### [EXERCISE MATERIALS]

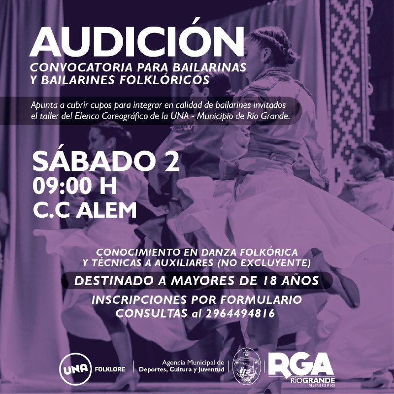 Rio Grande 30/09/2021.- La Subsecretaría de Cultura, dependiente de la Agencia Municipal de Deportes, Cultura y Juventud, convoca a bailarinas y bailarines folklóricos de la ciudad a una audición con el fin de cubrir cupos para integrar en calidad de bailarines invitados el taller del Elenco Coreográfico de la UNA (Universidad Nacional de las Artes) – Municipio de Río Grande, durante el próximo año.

==

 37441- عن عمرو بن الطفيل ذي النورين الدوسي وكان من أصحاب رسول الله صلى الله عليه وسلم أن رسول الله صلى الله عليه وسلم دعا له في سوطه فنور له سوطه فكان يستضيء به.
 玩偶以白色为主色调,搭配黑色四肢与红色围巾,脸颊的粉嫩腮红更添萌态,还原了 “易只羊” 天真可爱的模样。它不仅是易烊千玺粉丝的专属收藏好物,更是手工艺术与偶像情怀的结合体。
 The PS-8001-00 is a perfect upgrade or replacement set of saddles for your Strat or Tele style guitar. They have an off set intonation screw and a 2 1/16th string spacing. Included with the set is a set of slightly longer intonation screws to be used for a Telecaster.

### [WORK TO COMPLETE]
As the answer, set down only the lines from the data above between the one holding "37441- عن عمرو" and the one holding "The PS-8001-00 is", inclusive, exactly as they read.

### [RESPONSE]
 37441- عن عمرو بن الطفيل ذي النورين الدوسي وكان من أصحاب رسول الله صلى الله عليه وسلم أن رسول الله صلى الله عليه وسلم دعا له في سوطه فنور له سوطه فكان يستضيء به.
 玩偶以白色为主色调,搭配黑色四肢与红色围巾,脸颊的粉嫩腮红更添萌态,还原了 “易只羊” 天真可爱的模样。它不仅是易烊千玺粉丝的专属收藏好物,更是手工艺术与偶像情怀的结合体。
 The PS-8001-00 is a perfect upgrade or replacement set of saddles for your Strat or Tele style guitar. They have an off set intonation screw and a 2 1/16th string spacing. Included with the set is a set of slightly longer intonation screws to be used for a Telecaster.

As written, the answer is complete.